The EVSC always encourage parental involvement with the school system, but seemingly there are limitations to this relationship especially in retrospect. There has been no public discussion or open forum on the financial, physical, or most importantly the moral considerations of the netbook program. The EVSC Board Meeting minutes on the EVSC website have no mention of any netbook program prior to June 8th of 2009. No other notice was given prior to the netbook implementation 3 months later. It is inconsiderate and disrespectful to not only the parents, but the teachers too; slipping this netbook program in under the radar without any long term planning, discussion or respectable teacher/student/parent readiness considerations. It is interesting to note that it has been the EVSC’s policy to confiscate and reprimand student’s for cell phones, iPods, or other electronics including privately owned laptops (5136 – CELLULAR TELEPHONES AND ELECTRONIC COMMUNICATION DEVICES). However the school issued netbooks seem to escape violations of this written and unchanged policy even though the netbook fits the criteria of this policy on their website.

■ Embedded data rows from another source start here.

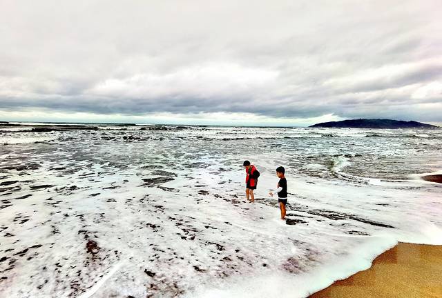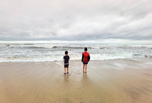 虽然不准下海,但小孩子在岸边和大海玩游戏还是挺开心的。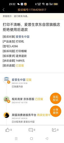 但愛普生京東自營旗艦店表示,由于已經使用,無法退款。現在要求退貨退款。
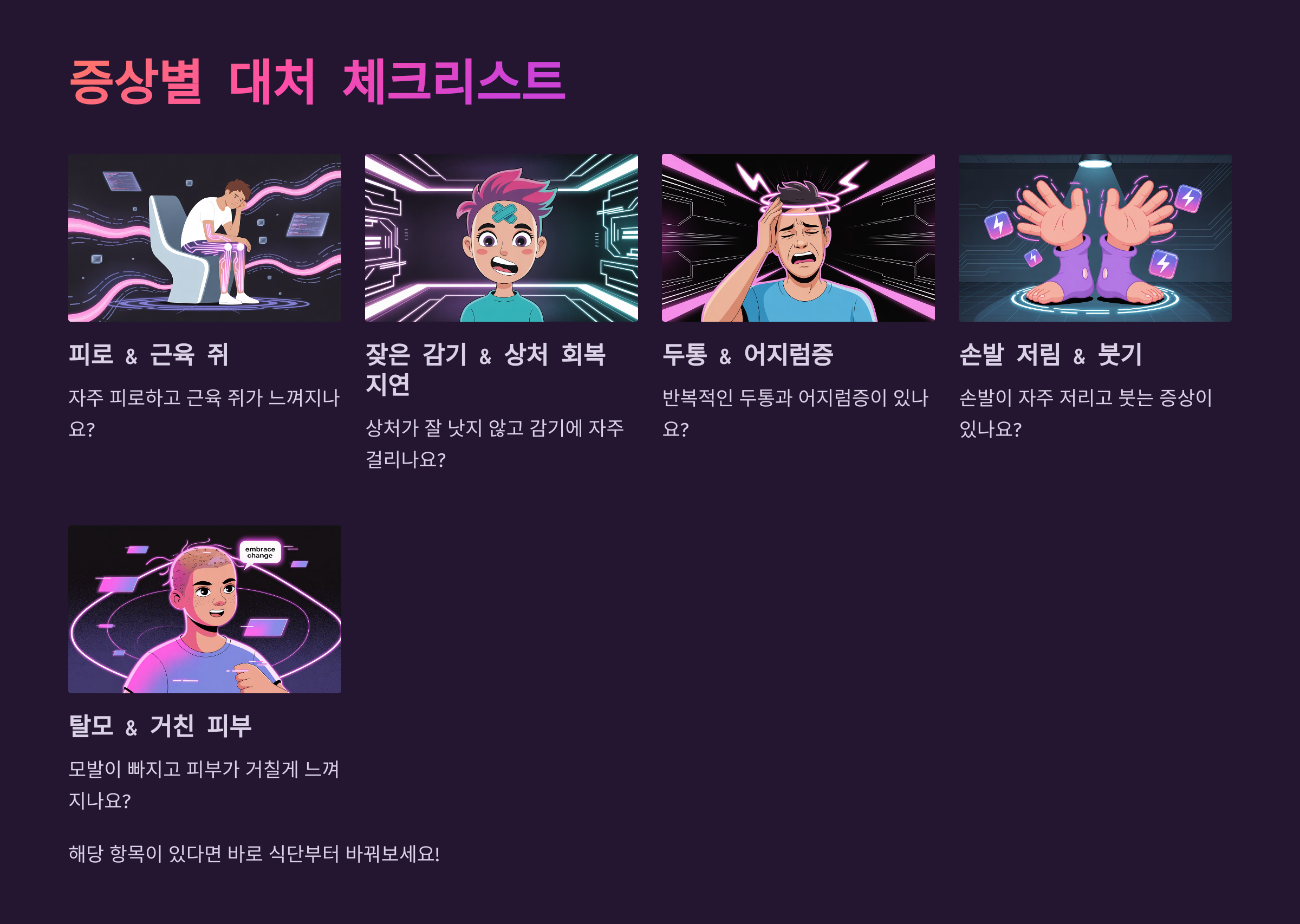 > TIP: 증상 2개 이상 해당된다면 오늘부터 식단을 바꿔보세요!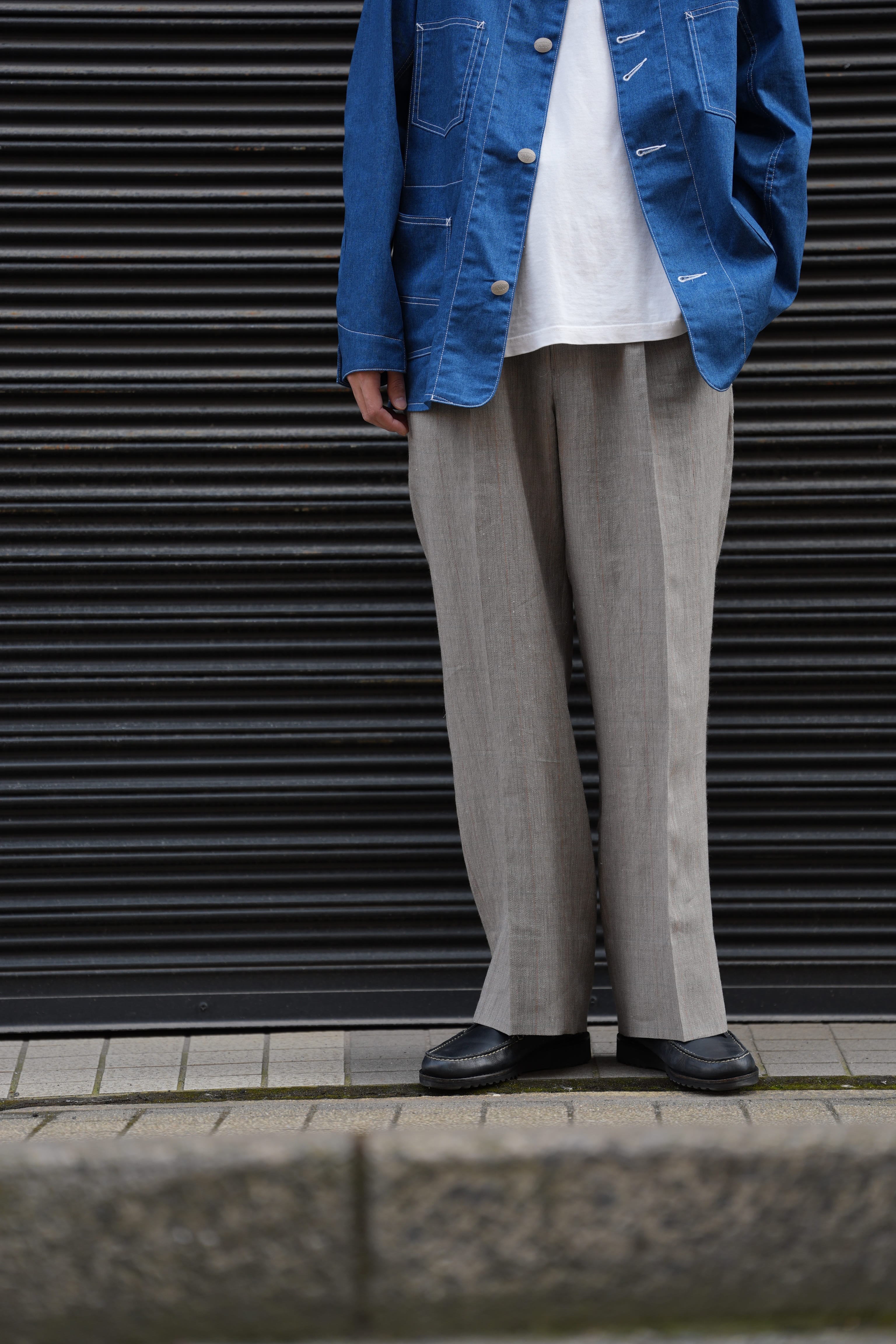 昔ウールモヘアのkolorのブサイクパンツを気に入って穿いていましたが、あの質感を少し思い出しました。でもあれは秋冬として展開されていた生地、あの質感に近しい表面上のタッチだが、しっかりと春夏仕様であるという何とも言葉で表現するのが難しい生地でもあります。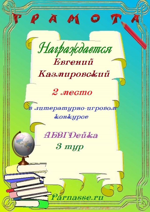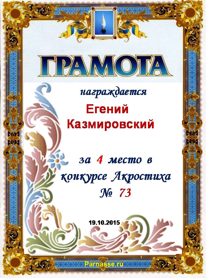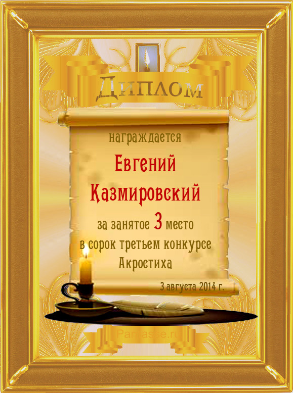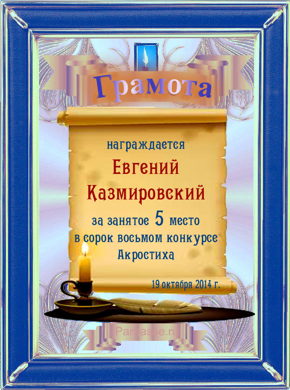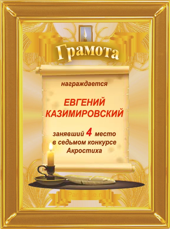 Диплом победителю в конкурсах Акростиха в честь пятилетия конкурса Акростиха!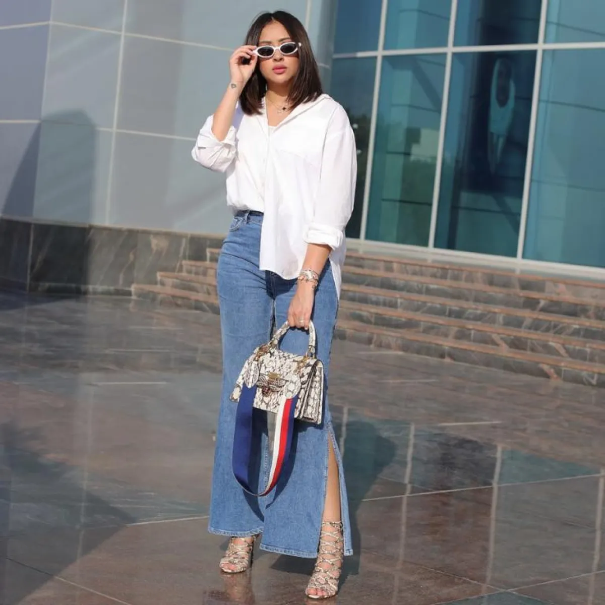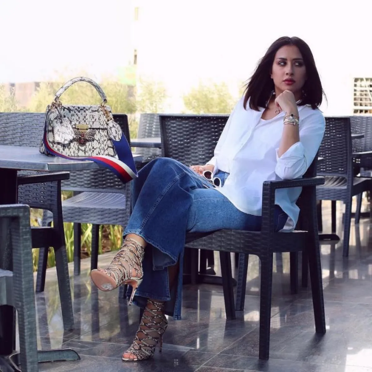 تميل النجمة الكويتية فرح الهادي إلى الاختيارت العصرية، فهي عادة من أيقونات الموضة اللاتي يبادرن باقتناء الجديد، لذلك اعتمدت فرح صيحة الجينز المزين بشق الساق واختارت الموديل الذي يمتد إلى الركبة ونسقت مع صندل من جلد الثعبان مزود بأربطة ممتدة إلى الكاحل مع حقيبة من جلد الثعبان أيضاً، واكتفت بهذه التفاصل القوية، لذا اختارت قطعة فوقية أساسية وهو القميص الأبيض الفضفاض.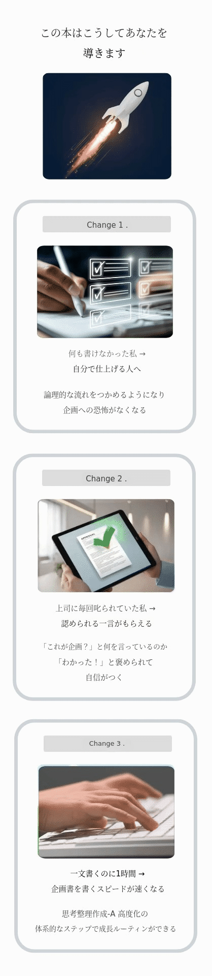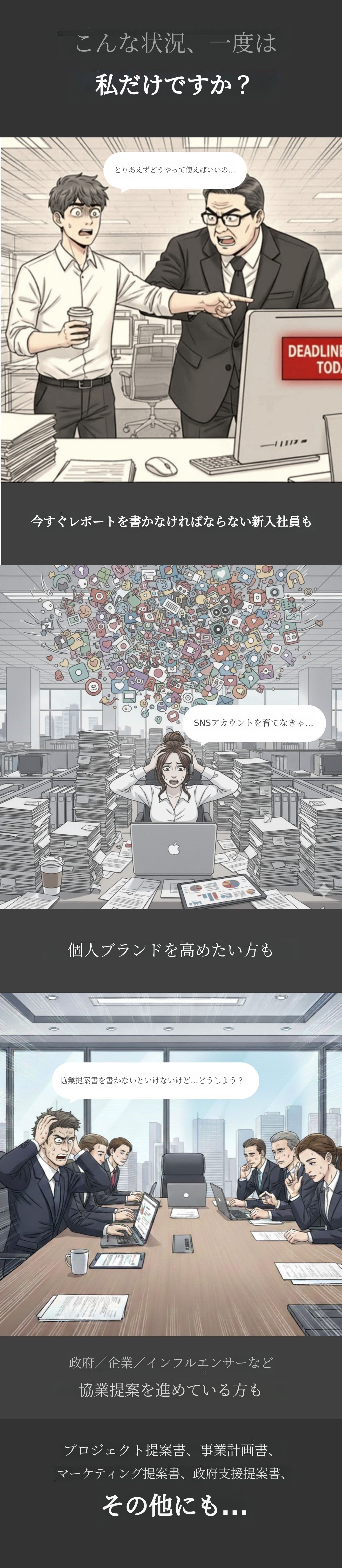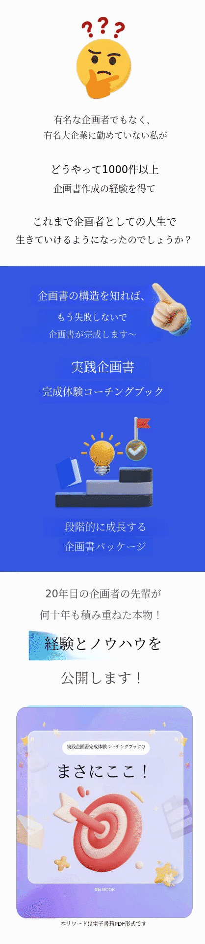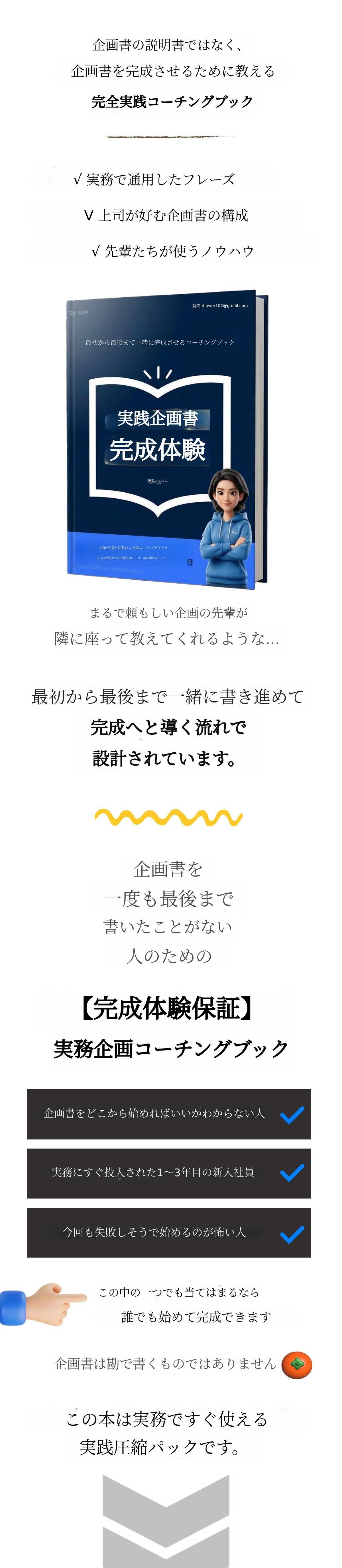 1. 📘 実践企画書完成コーチングブック - 企画書作成の開始から完成まで段階的に指導します 2. 🧩 論理的4段階構成法 - 問題・原因・解決・効果の流れで完成度を高めます 3. 🎁 限定パッケージ特典 - 電子書籍やテンプレートを含むセットです

In conclusion, the EVSC has indirectly told me and 15,000 EVSC parents (in so many words) that we are responsible for a fragile computer that will be given to our teenager; with a built in video camera; and we have no say or insight into the level of security, service or expectations in the netbook program whatsoever. We are further expected to pay for it through taxes and nearly doubled book rental fees. Any outcome, for better or worse, is going to be acceptable. And if the program is a failure, the EVSC will have no desire or ambition to share any contributing report as to why the previous netbook program has failed in its entirety and what changes have been made this year to assure us that this will not happen again. For all of the reasons stated formerly in this letter; it is in my opinion that the netbook program in its current state that the proper due diligence was ever performed to reveal all of the weaknesses in the netbook program. It does not meet the expectations of the EVSC nor the parents and it is definitely not in the best interest of educating our students or straddling the “digital divide” as we have been told. It is an inefficient program that not only cost money, but learning time as well. This has a direct and immediate effect on our student’s grade earning abilities and the program should be killed!